--- Supplied records ---

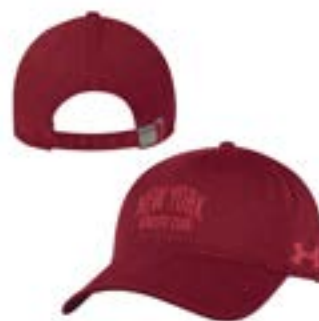
NEW YORK ATHLETIC CLUB UH800W539

AEU03805874 3DCP FP TG APU03805876 PC1 ELB BK AEU03318307 CAP CL BK
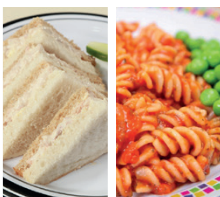
Deli Choice of Breads with a Selection of Fillings served with a Side Salad or Pasta of the Day
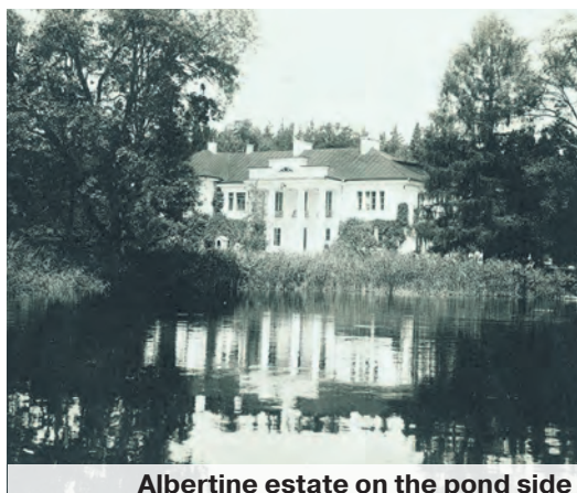
Albertine estate on the pond side
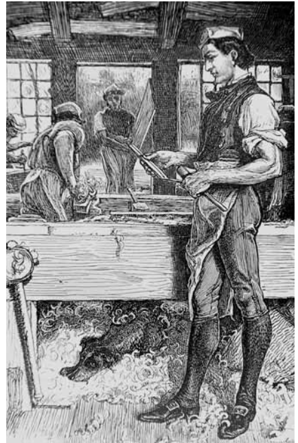
'In his tall stalwartness Adam Bede was a Saxon, and justified his name.' From a cheap (6 s.) reprint of Adam Bede , George Eliot, 1874: illustrator W. Small.

Adam Bede , George Eliot, 1859, 3 vols, Blackwood. Eliot's first full-length novel. A runaway success, it provoked intense curiosity about the mysteriously pseudonymous author. Adam Bede is set in 1799–1807, in rural 'Hayslope' which is recognisably a village in Eliot's native Warwickshire. The Methodist revival is historically central in the narrative which opens with a scene introducing the carpenters Adam and Seth Bede. Adam, the harder and more interesting of the brothers, loves Hetty Sorrel who lives with her aunt and uncle Poyser at Hall Farm. Hetty is beautiful but shallow. Her cousin, Dinah Morris (also an orphan), is a Methodist evangelist, and has the moral depth Hetty lacks. Seth loves Dinah, but his adoration is returned only as friendship. The naively well-intentioned squire, Arthur Donnithorne, who has just come of age, sees Hetty in the dairy, and is captivated. Neglecting the counsels of his mentor, the Rev. Adolphus Irwine, Arthur seduces Hetty. Adam discovers what he thinks is mere flirtation, and thrashes the young squire
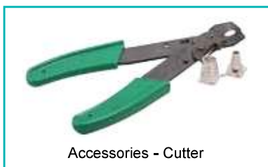
Accessories - Cutter
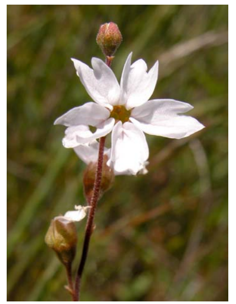
Woodland Star Lithophragma affine Native Perennial Saxifrage Family
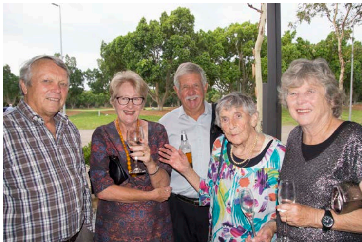
Pre-dinner drinks at the End of Season Party
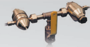
Dual Pneumatic Open Space Atomizing System

To learn more about Herrmidifier products, contact your local sales representative or visit us on the web at herrmidifier-hvac.com
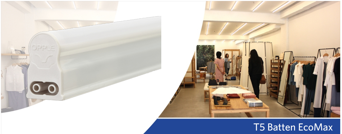
T5 Batten EcoMax
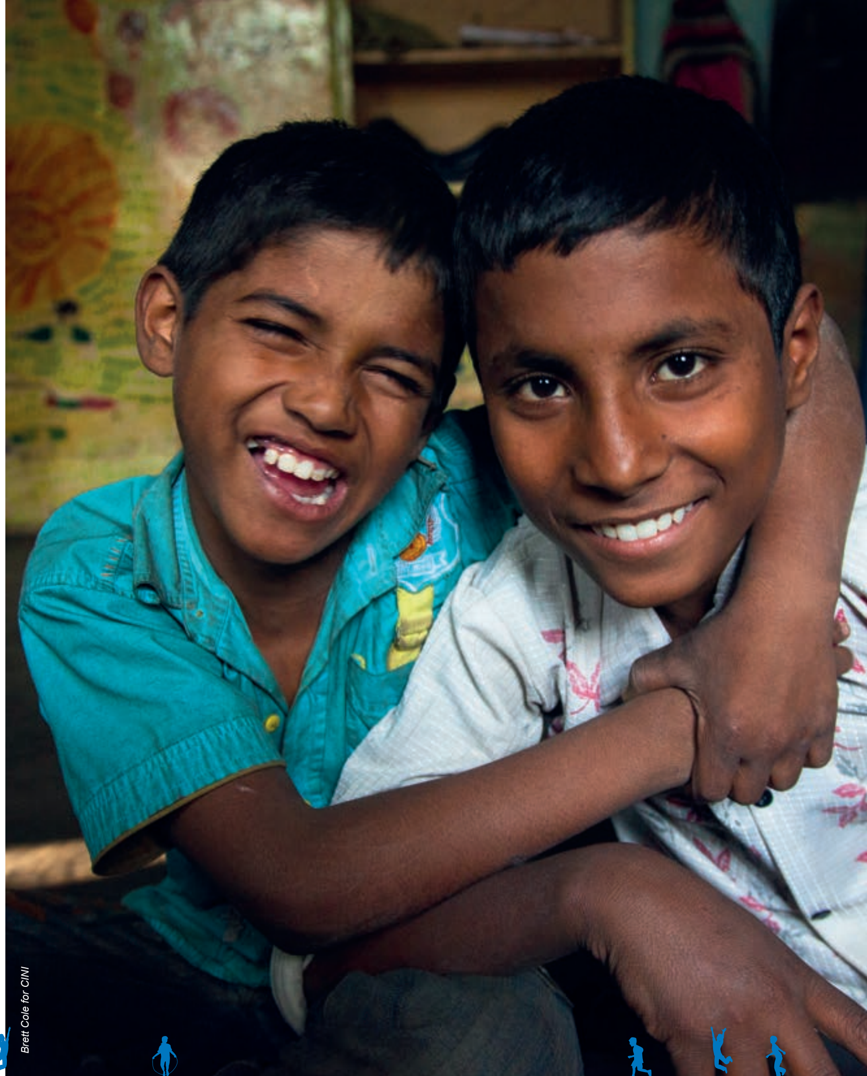
Brett Cole for CNI

Note: Throughout the annex, “children” refers to the under 18s who participated in the consultation events. “Young adults” and “youth” refer to the over 18s (mostly aged 18-23) who participated. “Young people” refers to both children and young adults.

---

Please retype, exactly and only, the lines from the one holding "To learn more" to the end of the entries, both ends included, without any pictures.

To learn more about Herrmidifier products, contact your local sales representative or visit us on the web at herrmidifier-hvac.com
T5 Batten EcoMax
Brett Cole for CNI

Note: Throughout the annex, “children” refers to the under 18s who participated in the consultation events. “Young adults” and “youth” refer to the over 18s (mostly aged 18-23) who participated. “Young people” refers to both children and young adults.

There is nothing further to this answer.